- Born: 25 March 1892 Russkaya, Kazensky District, Russian Empire
- Died: 24 October 1980 (aged 88)
- Occupation: Electrical engineer
- Known for: Founder of AMPEX Data Systems Corporation

= Alexander M. Poniatoff =

Russian-American founder of Ampex (1892–1980)

Alexander Matveevich Poniatoff (Александр Матвеевич Понятов, tr. Aleksándr Matvéjevič Ponjatóv; 25 March 1892 – 24 October 1980) was a Russian-born American electrical engineer, inventor and entrepreneur. He was the founder of Ampex Data Systems Corporation

==Biography==
Poniatoff was born in 1892 in Russkaya Aysha, Kazansky District, Kazan Governorate, Russian Empire.
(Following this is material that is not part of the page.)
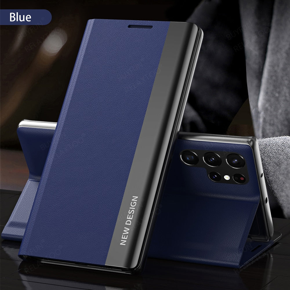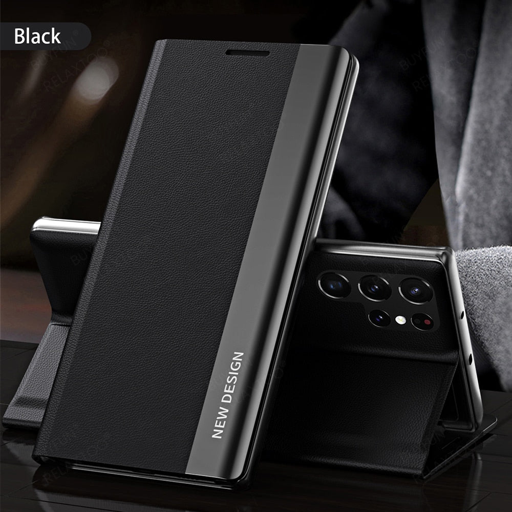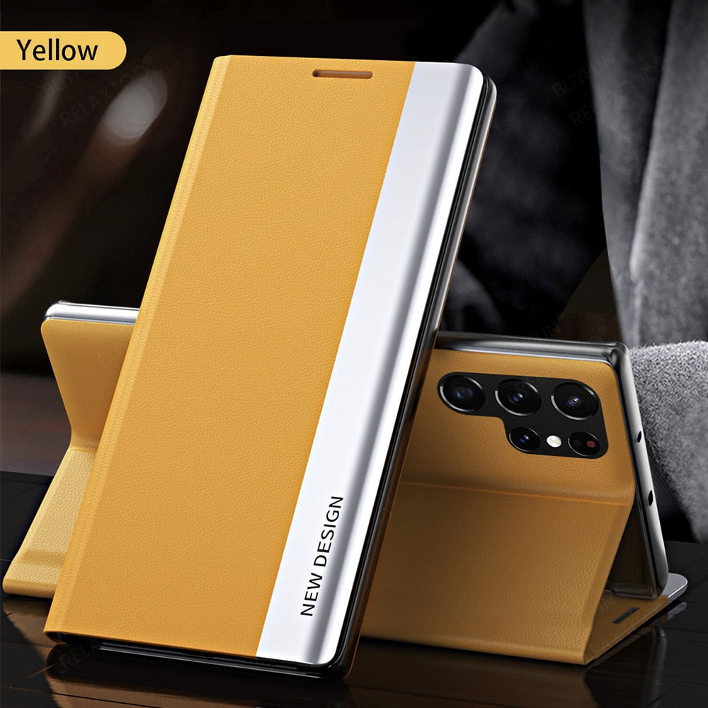 Luxury 6D Plating Leather Flip Magnetic Book Stand Cover For S23 Series

He emigrated from Russia to China, where he worked for the Shanghai Power Company, until he emigrated to the United States in 1927. He would subsequently work for General Electric, the Pacific Gas and Electric Company and Dalmo-Victor.

In 1944 he founded Ampex, using his initials A.M.P. plus "ex" for "excellence" to create the name. The high-frequency bias technique, which made quality recording possible, was invented by Telefunken engineers and put into practical use by Poniatoff.

Danish engineer Valdemar Poulsen's original magnetic recorder was previously only usable for telephony recording. In 1956, Ampex engineers created the world's first rotary head recorder, the VR-1000 videotape recorder. Poniatoff served as president of Ampex until 1955, when he was elected chairman of the board.

Poniatoff died on 24 October 1980, aged 88.